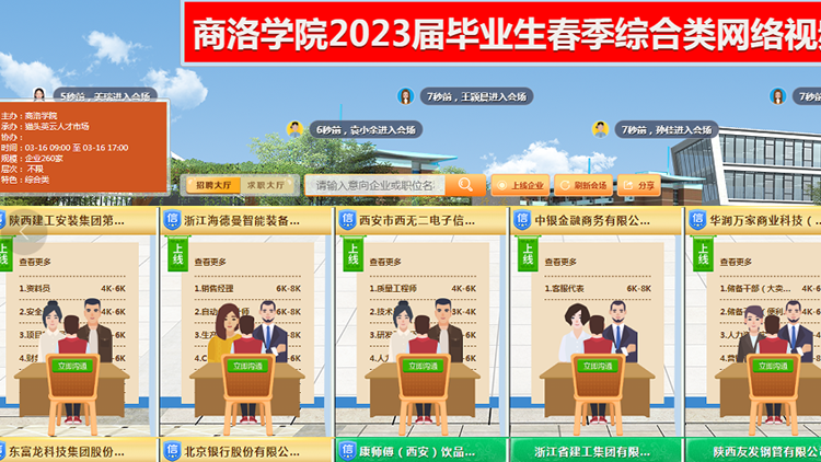 本次招聘會是我校2023屆畢業(yè)生“春季促就業(yè)專項行動”開展以來舉辦的第一場網(wǎng)絡(luò)視頻招聘會,旨在通過深度對接就業(yè)市場,積極聯(lián)系就業(yè)單位,持續(xù)深挖就業(yè)資源,千方百計確保畢業(yè)生充分就業(yè)。下一步,學校將繼續(xù)圍繞“商洛學院2023屆畢業(yè)生春季促就業(yè)工作行動”,積極尋找新的就業(yè)“增長極”、聯(lián)系新的就業(yè)“客戶端”,促進畢業(yè)生更加充分、更高質(zhì)量就業(yè)。
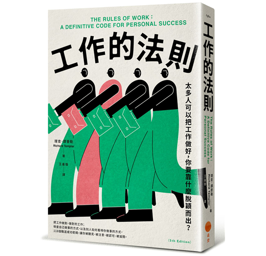 另外,觀察一段時間後,我漸漸地發現看什麼報紙也很重要,以及你用什麼筆、寫的內容、你和同事說話的方式、會議上你說了什麼……,其實就是你所做的每件事都會被評價、評估、歸類,因此僅能做好分內工作真的不夠。如果你想更進一步,就必須用「對的方式」看待所有事情,而《工作的法則》就是在創造這個方式。當然,你還是必須把做好工作放在第一位,但是太多人可以把工作做好,所以你還需要其他方法:如何脫穎而出?是什麼讓你成為合適的升職候選人?造成差異的到底是什麼?
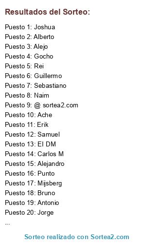 Lista de participantes: Angel, Punto, EI DM, Cedeno, Samuel, Carlos M, Naim, Erik, Osvaldo, Santiago, Maciel, Carlos F, Manuel, Asdrubal, Mijsberg, Alberto, Sebastiano, Antonio, Checho, Guillermo, Gocho, Bruno, AM, Rei, Alejandro, Ache, Joshua, Division, Alejo, Rocco, Gerson, Jorge, @ sortea2.com.
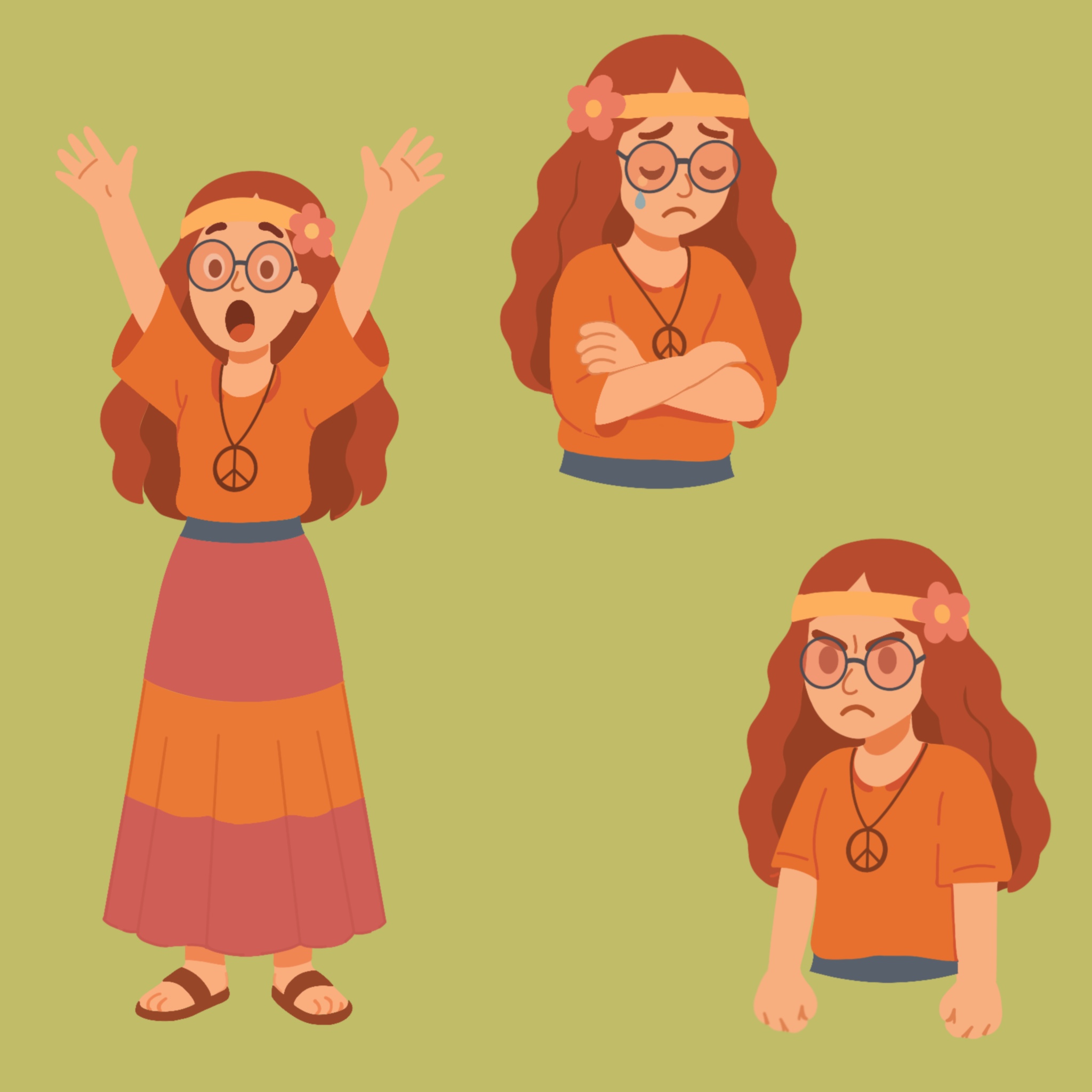 Разработка персонажа "девушка-хиппи". Растровая иллюстрация, которую можно использовать в социальных сетях, печатной продукции или как бренд=персонажа.
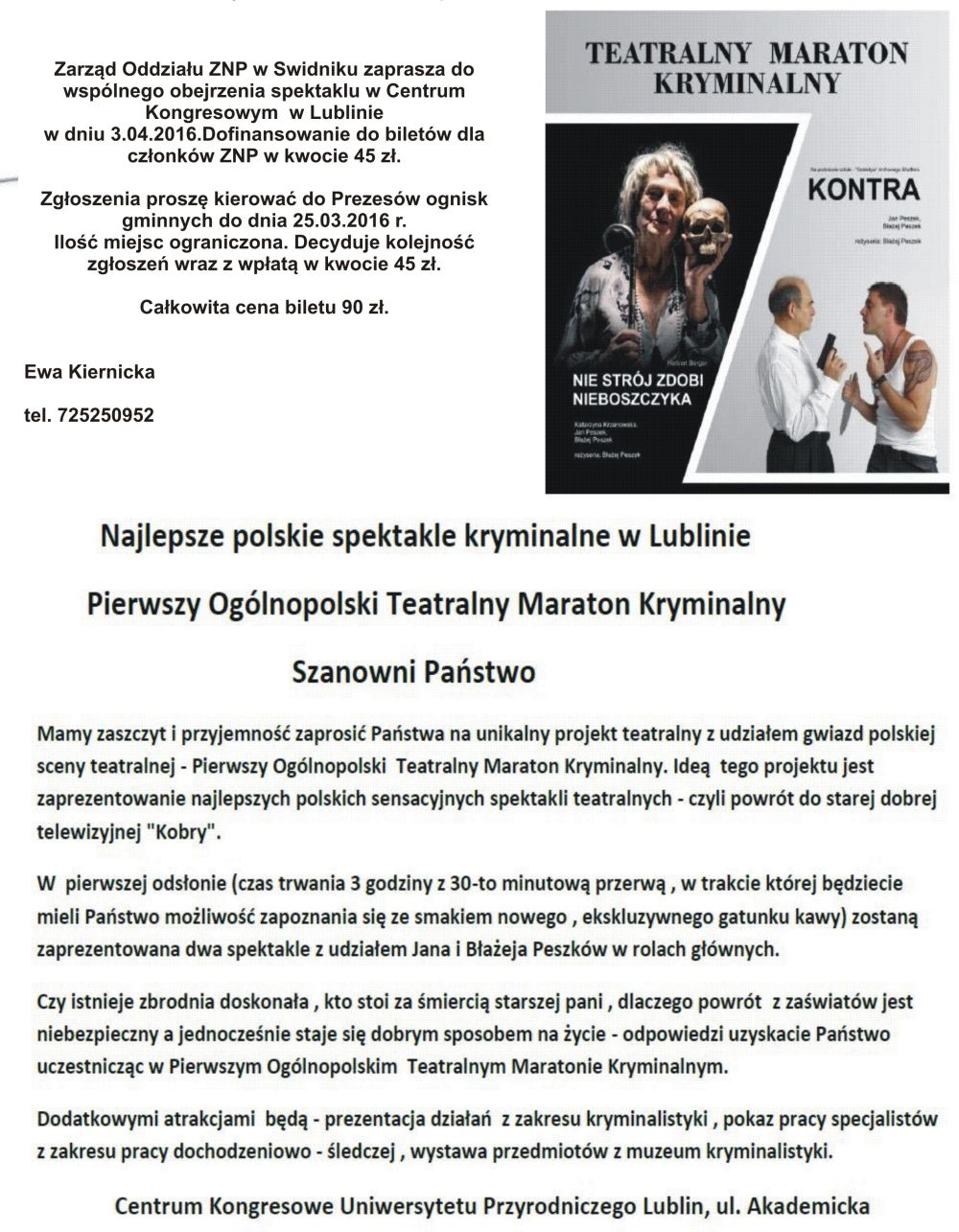 Zarząd Oddziału ZNP w Swidniku zaprasza do wspólnego obejrzenia spektaklu w Centrum Kongresowym w Lublinie w dniu 3.04.2016. Dofinansowanie do biletów dla członków ZNP w kwocie 45 zł.
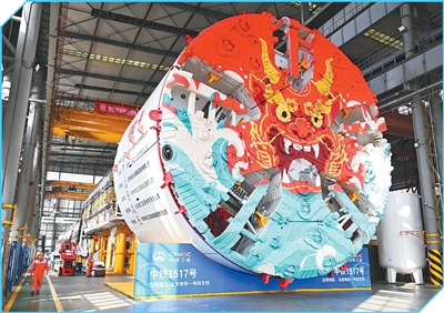 河南鄭州,中鐵裝備集團車間,工人在進行盾構(gòu)機下線驗收工作。

*Problem requirements:* The answer is the listing above repeated verbatim, minus its images.

*Answer for the task:*
 本次招聘會是我校2023屆畢業(yè)生“春季促就業(yè)專項行動”開展以來舉辦的第一場網(wǎng)絡(luò)視頻招聘會,旨在通過深度對接就業(yè)市場,積極聯(lián)系就業(yè)單位,持續(xù)深挖就業(yè)資源,千方百計確保畢業(yè)生充分就業(yè)。下一步,學校將繼續(xù)圍繞“商洛學院2023屆畢業(yè)生春季促就業(yè)工作行動”,積極尋找新的就業(yè)“增長極”、聯(lián)系新的就業(yè)“客戶端”,促進畢業(yè)生更加充分、更高質(zhì)量就業(yè)。
 另外,觀察一段時間後,我漸漸地發現看什麼報紙也很重要,以及你用什麼筆、寫的內容、你和同事說話的方式、會議上你說了什麼……,其實就是你所做的每件事都會被評價、評估、歸類,因此僅能做好分內工作真的不夠。如果你想更進一步,就必須用「對的方式」看待所有事情,而《工作的法則》就是在創造這個方式。當然,你還是必須把做好工作放在第一位,但是太多人可以把工作做好,所以你還需要其他方法:如何脫穎而出?是什麼讓你成為合適的升職候選人?造成差異的到底是什麼?
 Lista de participantes: Angel, Punto, EI DM, Cedeno, Samuel, Carlos M, Naim, Erik, Osvaldo, Santiago, Maciel, Carlos F, Manuel, Asdrubal, Mijsberg, Alberto, Sebastiano, Antonio, Checho, Guillermo, Gocho, Bruno, AM, Rei, Alejandro, Ache, Joshua, Division, Alejo, Rocco, Gerson, Jorge, @ sortea2.com.
 Разработка персонажа "девушка-хиппи". Растровая иллюстрация, которую можно использовать в социальных сетях, печатной продукции или как бренд=персонажа.
 Zarząd Oddziału ZNP w Swidniku zaprasza do wspólnego obejrzenia spektaklu w Centrum Kongresowym w Lublinie w dniu 3.04.2016. Dofinansowanie do biletów dla członków ZNP w kwocie 45 zł.
 河南鄭州,中鐵裝備集團車間,工人在進行盾構(gòu)機下線驗收工作。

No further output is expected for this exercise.